Compound 13: Mp 98 °C. 1H NMR (400 MHz, CDCl3): 1.58-1.70 (m, 5 H); 1.70-1.86 (m, 5 H); 5.26 (t, 2 H, J = 6.5 Hz); 5.44 (t, 1 H, J = 6.5 Hz); 5.68 (d, 2 H, J = 6.5 Hz). 13C NMR (100 MHz, CDCl3): 21.8; 25.2; 38.9; 71.4; 90.8; 92.1; 94.0; 121.8; 233.4. FT-IR (ATR): 3582; 3093; 2936; 2859; 1959; 1869; 1449; 1411; 1350; 1309; 1261; 1203; 1153; 1123; 1034; 1022; 978; 849; 814; 688 cm-1. HRMS: for C15H16CrO4 calcd.: 312.0454; found: 312.0454.
Compound 14: Mp 71 °C. 1H NMR (270 MHz, CDCl3): 1.77-2.09 (m, 8 H); 5.31-5.43 (m, 3 H); 5.64 (dd, 2 H, J 1 = 6.5 Hz, J 2 = 2 Hz). 13C NMR (67.7 MHz, CDCl3): 24.3; 42.4; 81.6; 91.4; 92.1; 92.8; 118.7; 233.4. FT-IR (ATR): 3582; 3443; 3088; 2958; 2875; 1957; 1865; 1458; 1412; 1327; 1295; 1233; 1189; 1152; 1009; 949; 903; 882; 817; 661
cm-1. HRMS: for C14H14CrO4 calcd.: 298.0297; found: 298.0293.
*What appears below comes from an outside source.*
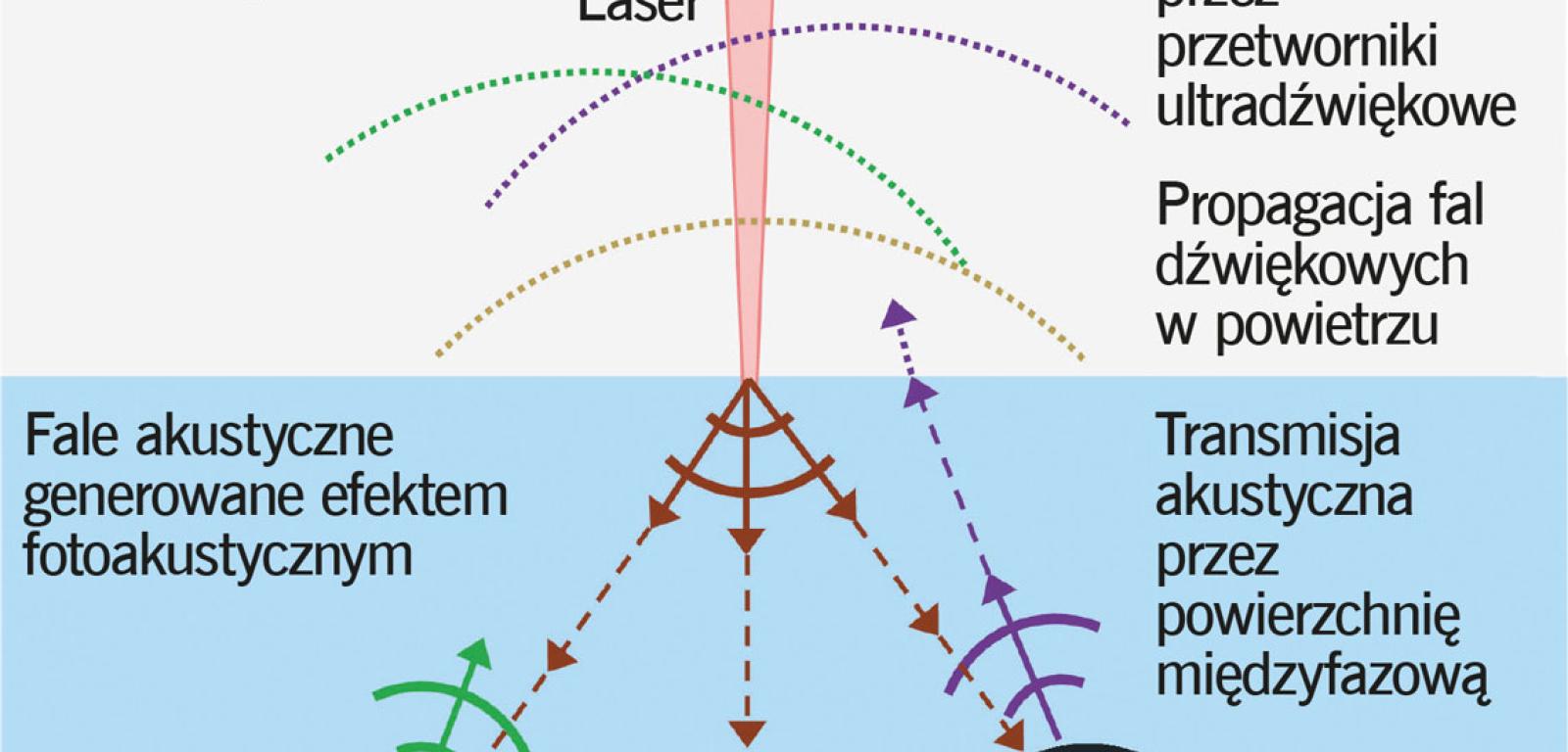 Śledzenie obiektów podwodnych z powietrza jest zadaniem bardzo trudnym. Fale dźwiękowe, wykorzystywane m.in. przez sonary na okrętach podwodnych, są tu bezużyteczne. 99,9% z nich odbija się bowiem od powierzchni wody, a trzeba pamiętać, że dźwięk musi przebyć tę drogę dwukrotnie. Skutkuje to stratami na poziomie 99,9999%. Z kolei fale elektromagnetyczne nie odbijają się aż tak silnie, ale są pochłaniane przez wodę. Zespół uczonych ze Stanford University (USA) postanowił połączyć te dwa źródła informacji, tworząc fotoakustyczny powietrzny system sonarowy (PASS, photoacoustic airborne sonar system). Wykorzystuje się tutaj umieszczony na dronie laser, którego promień, trafiając w powierzchnię wody, generuje ultradźwiękową falę akustyczną. Fala ta odbija się od obiektów podwodnych i wraca jak w klasycznych sonarach. Jest odbierana przez specjalny zespół przetworników umieszczonych na dronie, a następnie przetwarzana na obraz 3D. Tego typu hybrydowy system optyczno-akustyczny może służyć do badania fauny morskiej, mapowania powierzchni podwodnych czy poszukiwania wraków.

Compound rac-15: Mp 119 °C. 1H NMR (400 MHz, CDCl3): 1.64 (s, 3 H); 1.97 (t, 2 H, J = 5.5 Hz); 3.79 (dtt, 1 H, J 1 = 10 Hz, J 2 = 5.5 Hz, J 3 = 5 Hz); 3.90 (dtt, 1 H, J 1 = 10 Hz, J 2 = 5.5 Hz, J 3 = 5 Hz); 5.25 (t, 1 H, J = 6 Hz); 5.29 (t, 1 H, J = 6.5 Hz); 5.43 (t, 1 H, J = 6 Hz); 5.45 (d, 1 H, J = 6 Hz); 5.80 (d, 1 H, J = 6.5 Hz). 13C NMR (100 MHz, CDCl3): 29.1; 44.9; 59.7; 70.6; 90.5; 90.6; 91.7; 92.0; 93.7; 120.0; 233.1. FT-IR (ATR): 3363; 2978; 2893; 1958; 1870; 1457; 1413; 1378; 1298; 1153; 1083; 1054; 1014; 965; 881; 816; 662
cm-1. HRMS: for C13H14CrO5 calcd.: 302.0246; found: 302.0247.
Compound rac-16: Mp 114 °C. 1H NMR (400 MHz, CDCl3): 1.60 (s, 3 H); 2.72 (d, 1 H, J = 16 Hz); 2.79 (d, 1 H, J = 16 Hz); 3.74 (s, 3 H); 5.22 (t, 2 H, J = 6.5 Hz); 5.46 (t, 1 H, J = 6.5 Hz); 5.62 (d, 1 H, J = 6.5 Hz); 5.68 (d, 1 H, J = 6.5 Hz). 13C NMR (100 MHz, CDCl3): 30.0; 46.6; 52.1; 70.9; 89.6; 89.7; 91.8; 92.1; 94.0; 117.9; 172.0; 232.7. FT-IR (ATR): 3482; 3092; 2954; 2927; 1958; 1866; 1854; 1713; 1457; 1438; 1412; 1374; 1342; 1207; 1180; 1095; 1069; 1049; 1009; 958; 857; 816; 660 cm-1. HRMS: for C14H14CrO6 calcd.: 330.0195; found: 330.0195.

14

Preliminary attempts to employ aldehydes instead of ketones under similar conditions were not successful. In these cases, only the reduced aldehydes (alcohols) and some pinacol-type coupling products were formed, and the unchanged fluorobenzene-Cr(CO)3 derivatives could be reisolated.